Prompt => Return each line of the data below exactly, omitting any pictures.

━━━ Information shown ━━━

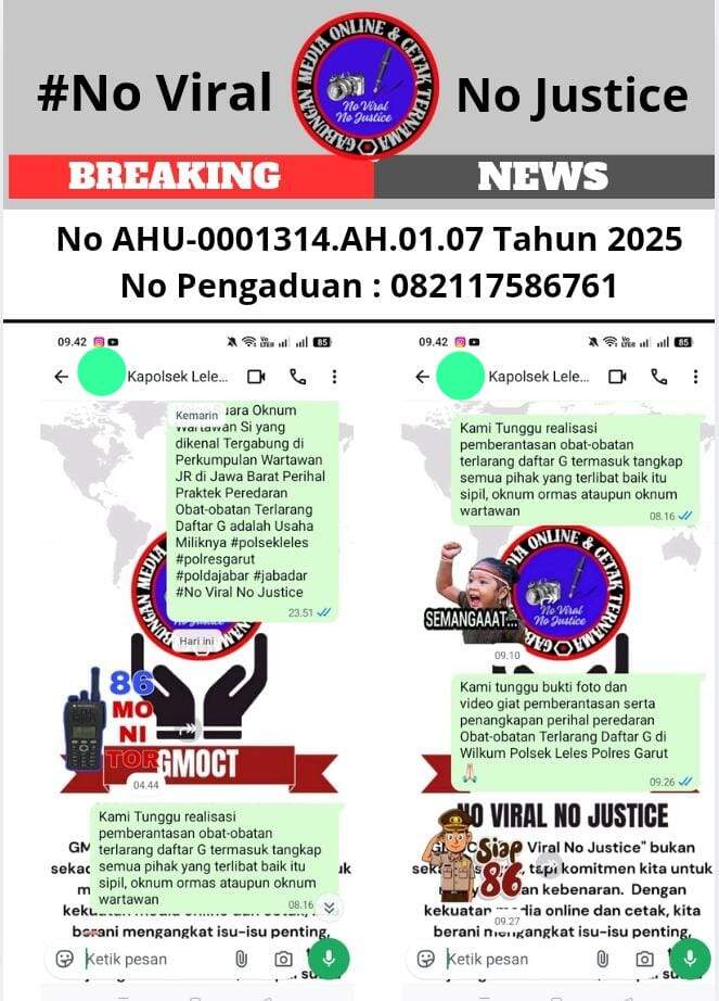 Garut, (GMOCT) – centralpers – Setelah pemberitaan terkait dugaan kerjasama oknum wartawan yang dianggap “hukum milik nenek moyangnya” serta tuduhan bahwa praktek peredaran obat-obatan terlarang Daftar G merupakan usaha milik oknum wartawan tergabung di Perkumpulan Wartawan JR Jawa Barat menjadi viral di puluhan media online dan cetak yang tergabung dalam Gabungan Media Online dan Cetak Ternama (GMOCT), Kapolsek Leles AKP Wawan S.H. memberikan tanggapan.
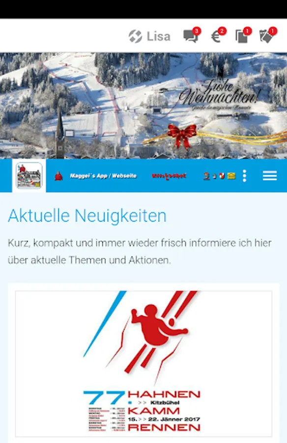 With this app you remain constantly in contact with Markus G. and always will be informed about current events in Kitzbühel. Also you can make your own opinion about the region and the people Markus G. thanks to many photo albums.
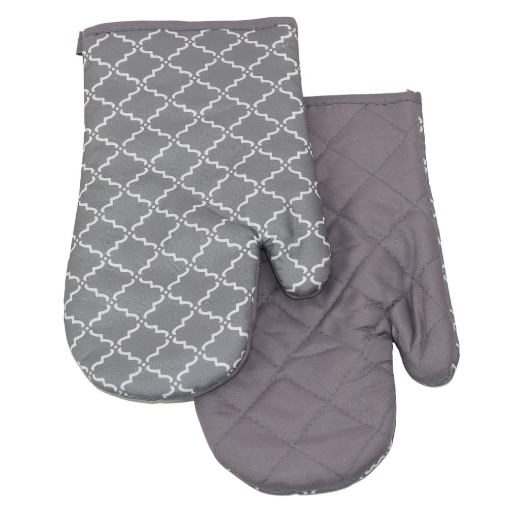 Kuchyňská chňapka (rukavice) se vzorem bílého ornamentu na šedém podkladu. Z vnitřní strany je chňapka jednobarevná v šedé barvě. Chňapka má našité poutko na zavěšení i uvnitř všitý magnet. Chňapka je v rozměru 27x18cm a je vyrobena ze 100% polyesteru s výplní ze 100% polypropylenu. Balení obsahuje 2 kusy chňapek na levou a pravou ruku.

━━━

Solution for this exercise =>
 Garut, (GMOCT) – centralpers – Setelah pemberitaan terkait dugaan kerjasama oknum wartawan yang dianggap “hukum milik nenek moyangnya” serta tuduhan bahwa praktek peredaran obat-obatan terlarang Daftar G merupakan usaha milik oknum wartawan tergabung di Perkumpulan Wartawan JR Jawa Barat menjadi viral di puluhan media online dan cetak yang tergabung dalam Gabungan Media Online dan Cetak Ternama (GMOCT), Kapolsek Leles AKP Wawan S.H. memberikan tanggapan.
 With this app you remain constantly in contact with Markus G. and always will be informed about current events in Kitzbühel. Also you can make your own opinion about the region and the people Markus G. thanks to many photo albums.
 Kuchyňská chňapka (rukavice) se vzorem bílého ornamentu na šedém podkladu. Z vnitřní strany je chňapka jednobarevná v šedé barvě. Chňapka má našité poutko na zavěšení i uvnitř všitý magnet. Chňapka je v rozměru 27x18cm a je vyrobena ze 100% polyesteru s výplní ze 100% polypropylenu. Balení obsahuje 2 kusy chňapek na levou a pravou ruku.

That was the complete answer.